Friday, February 24, 2017

Guest Post: Love, Hate, and Why I Write by Deirdre Riordan Hall

I'm thrilled to have Deirdre Riordan Hall on the blog today to talk about why she writes what she writes. Until recently, I was most familiar with her YA books, so I was interested to know why she decided to make the leap to women's contemporary fiction (especially since I've done the same in the span of my own 5-year writing career). Deirdre was kind enough to write a post for my readers, and I love her reasons for wanting to branch out and try her hand at all kinds of stories. 

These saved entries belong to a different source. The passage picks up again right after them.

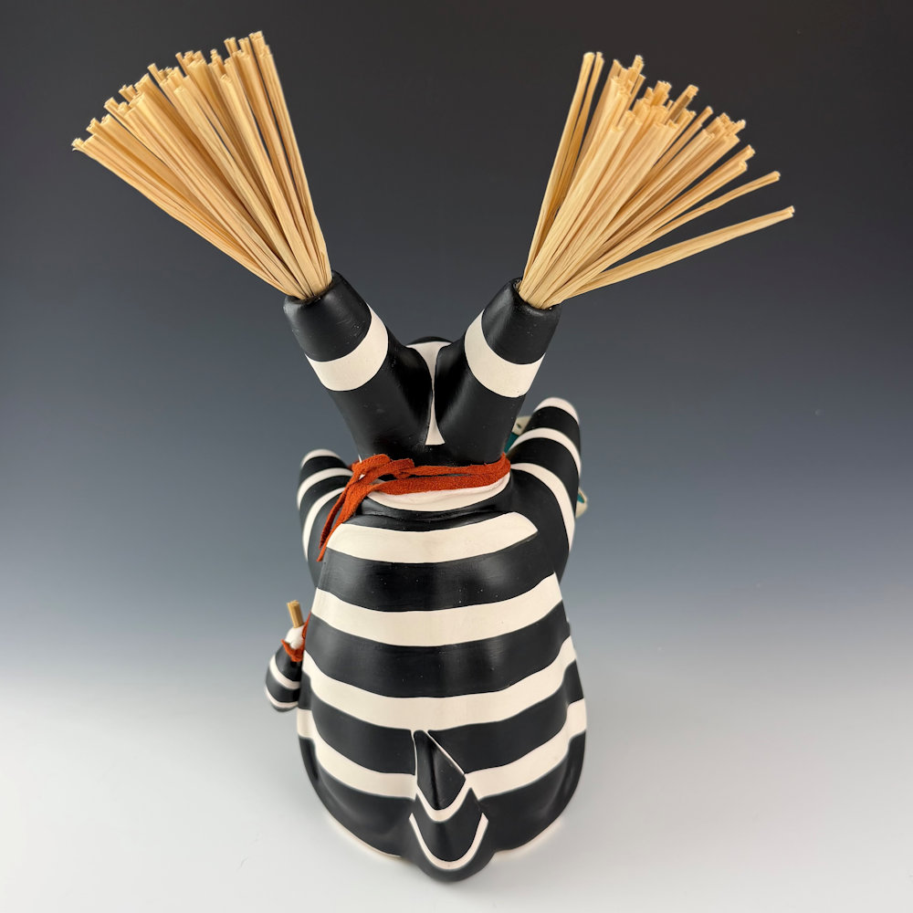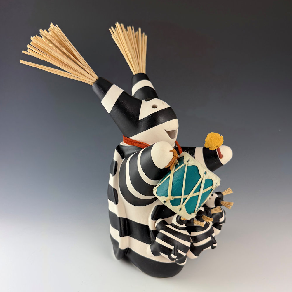 Randall (Randy) Chitto (Choctaw) studied pottery beginning in 1980 at The Institute of American Indian Arts in Santa Fe (IAIA) under the instruction of Otellie Loloma. He created his distinctive style of storyteller and figurative pottery. This is one of his classic turtle storytellers. The turtle is painted black and white in the style of a koshari clown. The turtle has three small turtle “children” on the piece. It is holding a hand-carved drum. It is a detailed and charming piece. It is signed on the bottom. We are pleased to now represent Randy Chitto’s figurative pottery in both Scottsdale and Santa Fe!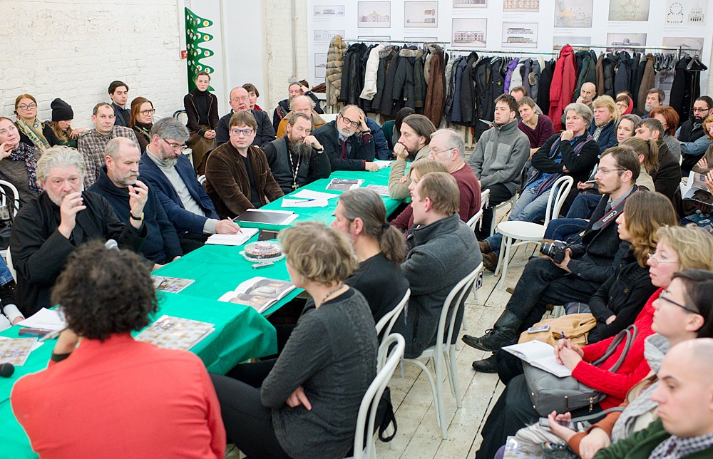 Открывая круглый стол, организаторы сразу обозначили два взгляда на историю выставок христианского искусства.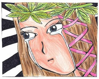 Where once had been a small pond surrounded by birches was now a laughing water fall; but as she looked more closely she saw it turn into a nymph, it's eyes sparkling with amusement. Above it was an entire village of cat people; amber cats, beige cats, chestnut cats, all kind of browns cats in colourful garments. The sight of a nymph was weird enough but a village of cats quite took her by surprise. Still hand in hand with her husband they slowly climbed out of the river.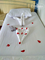 Номер удобный, уборка ежедневная,но без фанатизма)), по мере необходимости пополнялись шампунь, гель для душа, крем для тела, пакетики с кофе, чаем и сливками (в номере есть чайник, чашки), 1.5 л воды - ежедневно, смена белья и полотенец - ежедневно.. Раза три, за 2 недели, из полотенец выкладывали цветы, лебедей (чаевые мы оставляли через день). Были мелкие недочеты (в ванной не горела одна лампа), но их устранили и без нашей просьбы, а мелочи (сколы на плитке, подуставший номер), были совсем не существенные. Полотенца на пляже можно получать и сдавать ежедневно, а можно несколько раз в день менять пользованные полотенца на чистые.

Love, Hate, and Why I Write
By Deirdre Riordan Hall

I'm nothing if not unconventional. I tend to do things backwards, inside out, sideways… When given the traditional path or something else, guess which way I'll go? I don't know if it's a quirk in my biochemistry or that I prefer to eat my pie from the crust to the middle, but that's how I roll—or bite as the case may be. And it's no different with my writing life.
Years and years ago, I started with screenplays and picture books then dove into young adult fantasy fiction, took a new adult detour, returned to young adult fiction—paranormal, then contemporary, then fantasy, then back to contemporary… In between the writing and publication of YA contemporary my novel Sugar (and then Pearl) I also tried my hand at middle grade and then back to young adult (I always return to my home in YA). To date have written about thirty manuscripts. Do you see a pattern here? 


That's because there isn't one. 

So why do I write what I write? 

I write what I want to read and to answer the inspiration and story ideas given to me. But more concretely, I write because I feel the need to connect the dots between what I'm feeling and the big picture—the universal, the you and me. To bridge the feeling of loneliness with the knowledge that we're linked. To bring a world beyond what is at our doorstep or in our kitchen or on the screen to inky life. To remind myself and everyone else that we're not the sum of who we've been told we are. 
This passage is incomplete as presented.